Hepatocellular carcinoma (HCC) is considered a major ailment throughout
the world, and conventional therapies including chemo and combinational have suboptimal
responses with toxicity and adverse effects. The use of conventional methods
becomes challenging, especially when the tumor cells adapt resistance rapidly, which
further limits their use. Nanotherapeutics for HCC show their potential with minimal
toxicity and enhanced degree of targeted drug delivery, which has attracted researchers
across the world to explore the various benefits of nanotherapeutics. This chapter has
briefly covered the epidemiology and incidence of HCC, its causes, stages, different
ways to diagnose HCC, its pathology, and conventional treatment options. We have
explained various targeted nanotherapeutic preclinical approaches such as lipidic
nanoparticles, polymeric nanoparticles, and liposomes for HCC. Surface-modified
nanoparticles and liposomes can actively target a wide array of overexpressed receptors
on the tumor surface. It can be seen from the literature that the nanotherapeutic
approach for the management of HCC has a high potential to become the mainstream
treatment platform if explored and tweaked appropriately. In almost all the works,
promising results were seen. Maximum amount of drug was delivered at the tumor site,
drug release at unwanted sites were prevented and selectively caused cell necrosis in
the tumors, while not affecting the normal cells. These remarkable outcomes further
strengthen the nanotherapeutic platform, showcasing its true potential.

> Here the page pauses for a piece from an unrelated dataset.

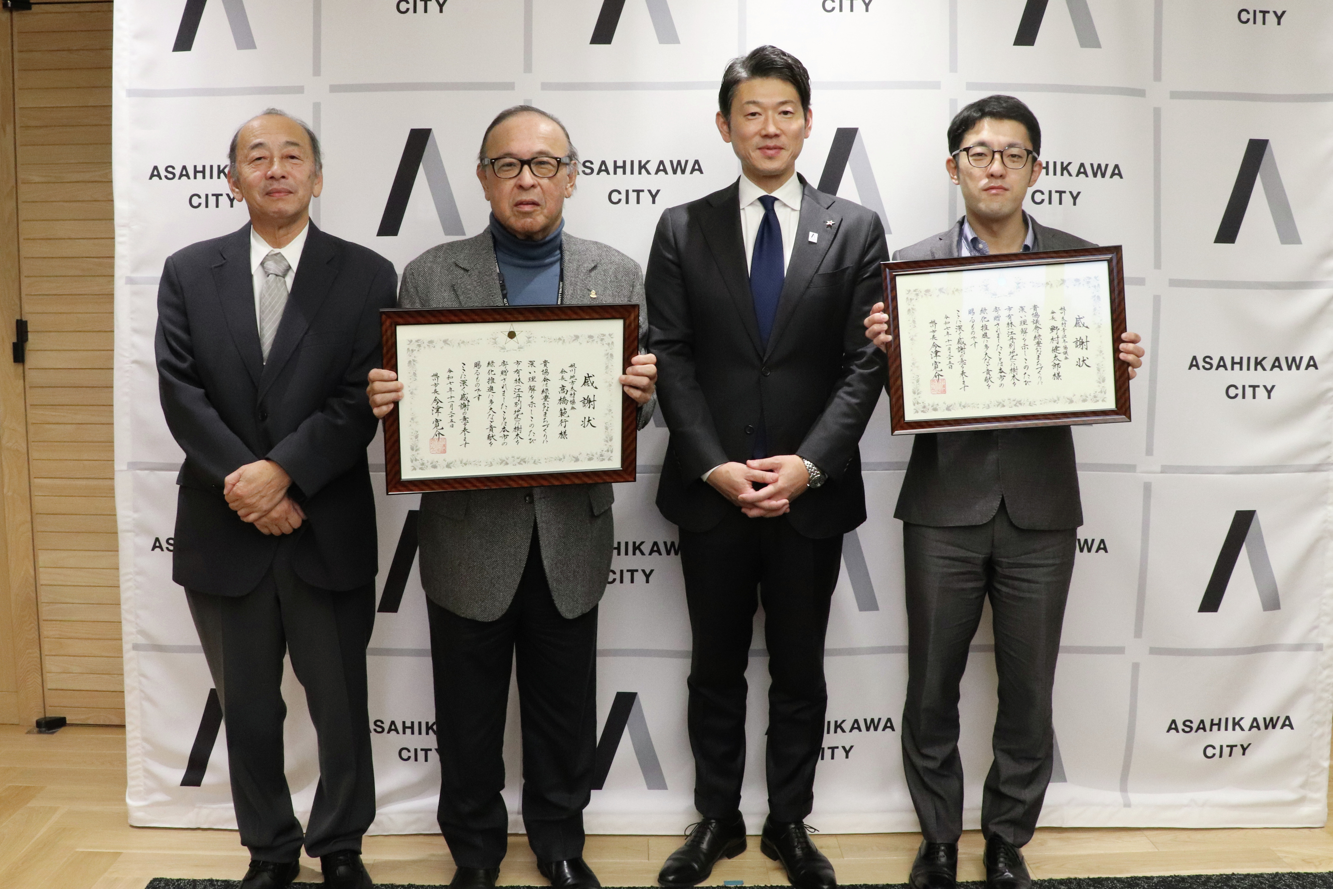 15:30 寄附に伴う感謝状贈呈(旭川地方木材協会、旭川木材青壮年協議会)

Keywords: Asialoglycoprotein receptor, Cisplatin, Cubosomes, Dendrimers, Diosmin, Doxorubicin, Hepatocellular carcinoma, Irinotecan, Liquid crystalline nanoparticles, Liver cancer, Nanoparticles, Nanostructured lipid carriers, Nanotherapy, Polyester vectors, Selenium nanoparticles, Solid lipid nanoparticles, Sorafenib, Smart nanoparticles, Superparamagnetic iron oxide nanoparticles, Tumor suppressor microRNA.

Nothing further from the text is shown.